Top of TASK INPUTS

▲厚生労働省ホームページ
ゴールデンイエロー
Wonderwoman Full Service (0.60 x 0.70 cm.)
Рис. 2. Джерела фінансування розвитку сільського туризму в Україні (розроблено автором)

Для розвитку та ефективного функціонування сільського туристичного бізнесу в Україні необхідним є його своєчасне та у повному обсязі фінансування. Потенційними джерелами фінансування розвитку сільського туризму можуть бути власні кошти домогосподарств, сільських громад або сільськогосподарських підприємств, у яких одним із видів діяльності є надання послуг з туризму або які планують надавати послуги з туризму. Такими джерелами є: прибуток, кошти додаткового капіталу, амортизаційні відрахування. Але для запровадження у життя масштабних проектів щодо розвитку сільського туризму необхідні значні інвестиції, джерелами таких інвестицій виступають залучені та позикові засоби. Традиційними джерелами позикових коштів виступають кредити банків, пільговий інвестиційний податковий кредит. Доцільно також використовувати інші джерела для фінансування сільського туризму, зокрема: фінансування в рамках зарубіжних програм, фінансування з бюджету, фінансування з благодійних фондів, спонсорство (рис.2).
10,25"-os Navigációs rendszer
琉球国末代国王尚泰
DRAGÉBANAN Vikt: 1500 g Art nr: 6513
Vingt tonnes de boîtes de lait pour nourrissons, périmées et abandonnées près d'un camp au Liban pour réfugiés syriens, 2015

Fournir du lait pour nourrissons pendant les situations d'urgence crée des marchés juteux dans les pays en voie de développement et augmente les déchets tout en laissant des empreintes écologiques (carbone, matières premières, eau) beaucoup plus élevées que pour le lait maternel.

Bottom of TASK INPUTS
Top of TASK INPUTS

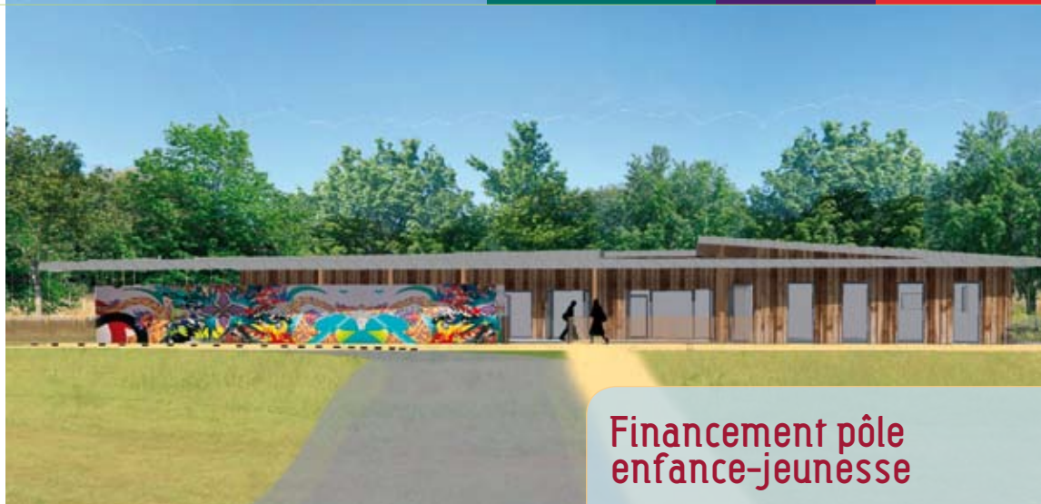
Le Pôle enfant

Bottom of TASK INPUTS
Top of TASK INPUTS

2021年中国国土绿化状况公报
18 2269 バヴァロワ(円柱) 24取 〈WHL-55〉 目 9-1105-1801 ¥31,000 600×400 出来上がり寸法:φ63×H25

Bottom of TASK INPUTS

Tally the lines that hold the word "pour" in the listing, and give the tally with nothing else.

RESULT OF THE EXERCISE
2